Liberty Institute, Fox News alert us to anti-Christian prejudice

Probably your neighbor or the president or something.

The Family Research Council and the Liberty Institute—which, as you can see from their names, are wonderful organizations that anyone would agree with—have released their Survey of Religious Hostility in America. The good news is that Christianity has not been stamped out entirely; a small pocket of Americans continue to profess the faith, clinging to existence at a mere 80% of the US population. They are brave, and they are threatened. As Fox News helpfully explains:

The [report] highlighted more than 600 examples illustrating what it characterized as religious animosity shown by judges, government bureaucrats, schools and secular groups.

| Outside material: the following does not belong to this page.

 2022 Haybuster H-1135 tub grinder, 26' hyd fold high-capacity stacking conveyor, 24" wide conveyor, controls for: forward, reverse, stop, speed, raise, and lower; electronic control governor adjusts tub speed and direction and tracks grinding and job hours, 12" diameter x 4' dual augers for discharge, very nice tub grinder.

From ObamaCare mandates that force religious entities to pay for contraception, to children being punished for uttering prayers in school, the report’s findings shocked even those who commissioned it.

Props to Ben al-Fowlkes for the link and, to a lesser extent, yesterday’s hangover. Prophetic words of Tony Perkins after the jump.

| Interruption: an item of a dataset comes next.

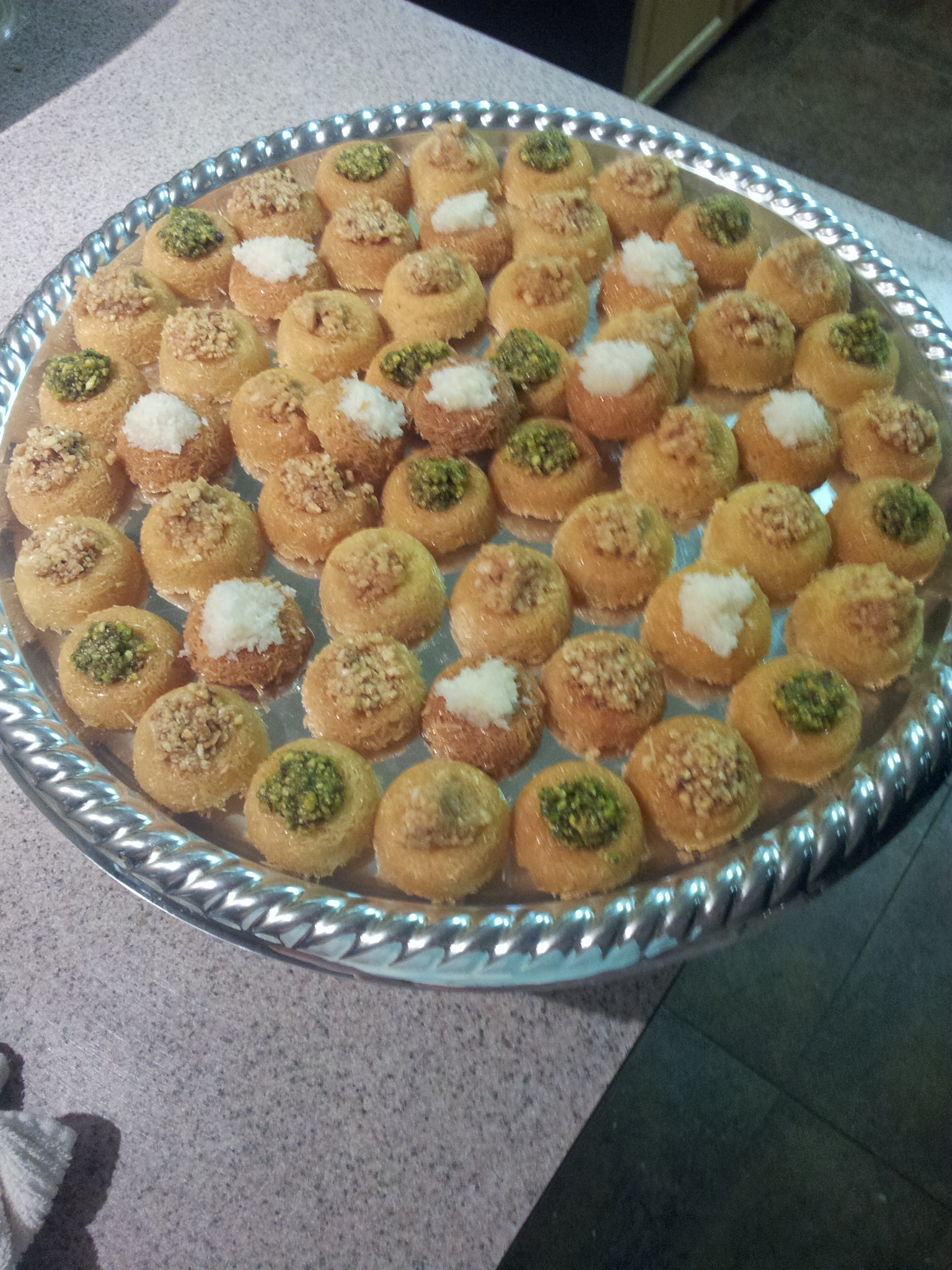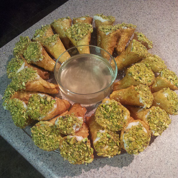 Fill the cavities with the cream قشطة and then dip into the ground pistachios.

It turns out that the examples of religious animosity cited in the report mostly involve Christians not getting what they want. There are court-ordered removals of crosses from various public lands and veterans’ memorials. There is the nurse at Mt. Sinai hospital who is “forced to participate in a late-term abortion against her religious convictions.” And there is eight year-old Samantha Schulz, barred from singing “Kum Bah Ya” at a Boys & Girls Club because it contains the words “oh Lord.” As Family Research Council president and definite non-homosexual Tony Perkins puts it:

It’s a conflict of world views. These groups want people to check their faith at the door of the public square.

First of all, it was a waste of money to put that door on the public square. The only people getting any use out of it are mimes. Second, eight year-old Samantha Schultz is now 20, since that “Kum Bah Ya” thing happened in August of 2000. The next example in the report is from 1995. The report after that is undated, but it involves a Roman Catholic pharmacist whose license was restricted after he refused to dispense prescribed birth control pills.

So the “findings” that “shocked” the authors of this report are A) entirely anecdotal and B) spread out over the last two decades. It is not so much a survey of religious hostility as a list of complaints. They do not describe persecution of Christianity so much as times when it did not enjoy favored status. Such events are hostile to religion in the same way “happy holidays” attacks Christianity by not specifically mentioning Christmas.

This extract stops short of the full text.